» **WORK INSTRUCTIONS**:
Restate each line of the listing exactly, without carrying over any pictures.

» **GIVEN INFORMATION**:
★ ★ ★

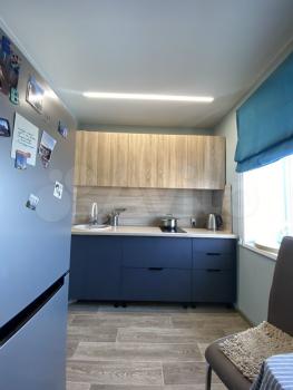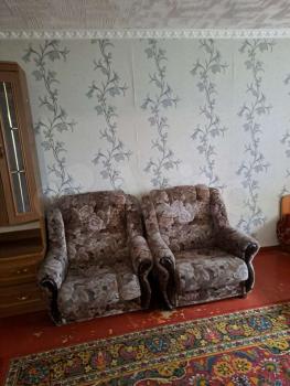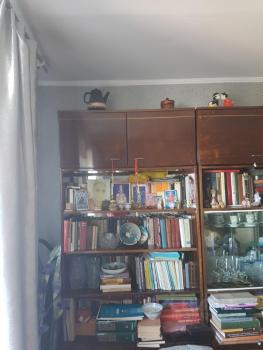 Теплая уютная двушка с окнами во двор, комнаты в разные стороны, в большой комнате балкон. Ремонт косметика. Санузел раздельный. В туалете большой водонагреватель. Ванная без ремонта. На кухне холодильник, микроволновка. В большой комнате стенка (более пустая чем на фото), диван, 1 мягкое кресло, стол. В комнате поменьше - кровать, стол, кресло-кровать, телевизор, 2 комода с выдвижными ящиками, тумбы. В коридоре большие шкафы для хранения верхней одежды и других вещей. Полки с книгами. Темнушка. Недалеко остановка маршрутки, магазины Титан, Николаевский,
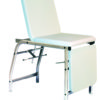 Il piano superiore posizionato su una solida struttura perimetrale è rivestito in tessuto spalmato (simil pelle/skai) lavabile ignifugo classe 1 IM. L’imbottitura è ad alta densità. I cuscini sono reclinabili per mezzo di un sistema meccanico a frizione. I cosciali in schiuma espansa sono orientabili in tutte le direzioni. Il lettino è dotato di un contenitore a forma circolare in acciaio inox richiudibile sotto la seduta. Per una maggior stabilità la struttura è provvista di piedini regolabili. Prodotto confortevole assemblaggio semplice e intuitivo.
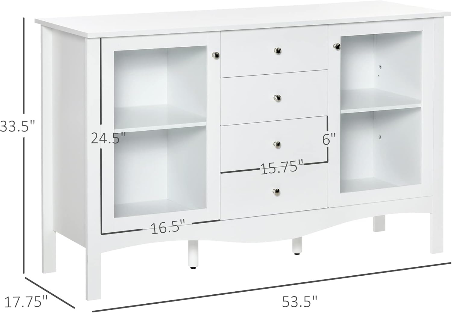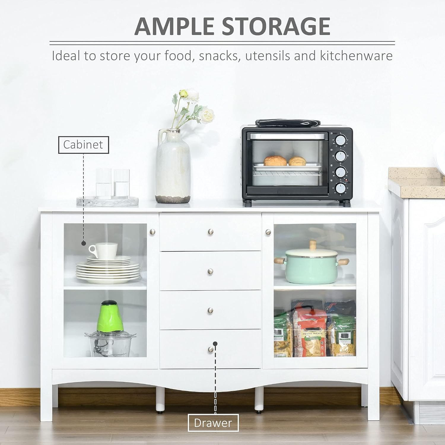 HOMCOM Sideboard Buffet Cabinet, Kitchen Cabinet, Coffee Bar Cabinet with Glass Doors, Drawers and Adjustable Shelves, White

★ ★ ★

» **ANSWER BOX**:
 Теплая уютная двушка с окнами во двор, комнаты в разные стороны, в большой комнате балкон. Ремонт косметика. Санузел раздельный. В туалете большой водонагреватель. Ванная без ремонта. На кухне холодильник, микроволновка. В большой комнате стенка (более пустая чем на фото), диван, 1 мягкое кресло, стол. В комнате поменьше - кровать, стол, кресло-кровать, телевизор, 2 комода с выдвижными ящиками, тумбы. В коридоре большие шкафы для хранения верхней одежды и других вещей. Полки с книгами. Темнушка. Недалеко остановка маршрутки, магазины Титан, Николаевский,
 Il piano superiore posizionato su una solida struttura perimetrale è rivestito in tessuto spalmato (simil pelle/skai) lavabile ignifugo classe 1 IM. L’imbottitura è ad alta densità. I cuscini sono reclinabili per mezzo di un sistema meccanico a frizione. I cosciali in schiuma espansa sono orientabili in tutte le direzioni. Il lettino è dotato di un contenitore a forma circolare in acciaio inox richiudibile sotto la seduta. Per una maggior stabilità la struttura è provvista di piedini regolabili. Prodotto confortevole assemblaggio semplice e intuitivo.
 HOMCOM Sideboard Buffet Cabinet, Kitchen Cabinet, Coffee Bar Cabinet with Glass Doors, Drawers and Adjustable Shelves, White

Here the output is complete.